To further understand the molecular basis of En2 recognition by highly sulfated HS, we used ITC to determine the thermodynamic parameters of heparin interaction with HD and ExtHD proteins (Table 1 and Supplementary Fig. 5). The two protein fragments differed in their affinities for heparin, ExtHD exhibiting a 20-fold greater affinity than HD (Table 1 and Supplementary Fig. 5). These interactions were enthalpy-driven, showing that electrostatic interactions are involved in the formation of the complex between either protein and heparin, as supported by the strong dependence of binding affinity on salt concentration. Interestingly, the synthetic octadecapeptide corresponding to the cationic region that precedes the helical core of En2 homeodomain (aa 187–204; Fig. 1c) had similar affinity for heparin as the entire ExtHD protein, indicating that this motif is the main determinant of HS interaction within ExtHD. The ExtHD fragment can accommodate 6–7 disaccharides (20 disaccharides in heparin / 3 bound proteins) while HD and the N-ter octadecapeptide can bind 4 (20/5) and 3 (20/7) disaccharides, respectively. As the stoichiometry (polysaccharide/protein or 1/n determined in ITC experiments) of interaction between ExtHD and heparin corresponds to the sum of the stoichiometry of interaction measured with the N-ter octadecapeptide and HD alone respectively, cooperative events in this interaction appear unlikely. Altogether, these results indicate that the N-ter octadecapeptide confers a unique property to the ExtHD protein in terms of binding to highly sulfated HS. It should be noted that the full-length En2 protein interacts with heparin (Table 1 and Supplementary Fig. 6) with an affinity about ~5-fold lower than that of ExtHD, the stoichiometry being identical for the two proteins (3 proteins bound per HI polymer). This indicates the absence of additional heparin binding site in the full-length En2 protein. The lower affinity of full-length En2 for heparin arises from an unfavorable entropy contribution, likely because of the presence of the large N-terminal disordered region that partly compensates the strong favorable enthalpy contribution (see discussion in caption of Supplementary Fig. 7).

Table 1 Interaction thermodynamics of the N-ter octadecapeptide and proteins with heparin (12 kDa, net charge about −55), studied by ITC

Similar binding affinity of ExtHD and HD for phospholipids

Since protein-lipid interactions play a key role in membrane-translocation properties of homeodomains10, we next investigated whether enhanced affinity with phospholipids also contribute to the higher internalization efficacy of ExtHD. In particular, we previously showed that the interaction of En2 homeodomain with anionic lipid vesicles induces a major rearrangement of its tertiary structure4. Herein we used ITC to probe the interaction of HD and ExtHD with 100 nm large unilamellar vesicles (LUVs) that we prepared either from 1-palmitoyl-2-oleoyl-sn-glycero-3-phospho-(1’-rac-glycerol) (POPG), 1-palmitoyl-2-oleoyl-sn-glycero-3-phosphocholine (POPC), or a combination of both. The presence of one saturated and one unsaturated fatty acyl chains makes these phospholipids good mimics of mammalian cell membrane composition.
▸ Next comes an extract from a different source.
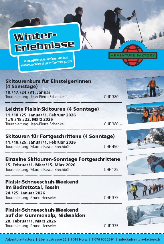 Preis: CHF 375.- Tourenleitung: Bruno Henseler Details und Anmeldung ansehen

With pure zwitterionic lipids (Table 2), no interaction occurred with either of the two proteins used at 20 µM as previously reported for the HD construct4. Addition of anionic POPG to POPC to obtain LUVs with 50/50 POPG:POPC and 70/30 POPG:POPC composition, had no effect. Significant ExtHD and HD interactions were observed only with pure POPG LUVs, showing that negatively charged partners are mandatory for interaction of the proteins with lipid membranes. The dissociation constant value determined for POPG was the same for the two proteins (≈ 7 µM; Table 2). Thus, the presence of the cationic N-terminal extension does not strengthen the interaction of ExtHD with anionic phospholipids.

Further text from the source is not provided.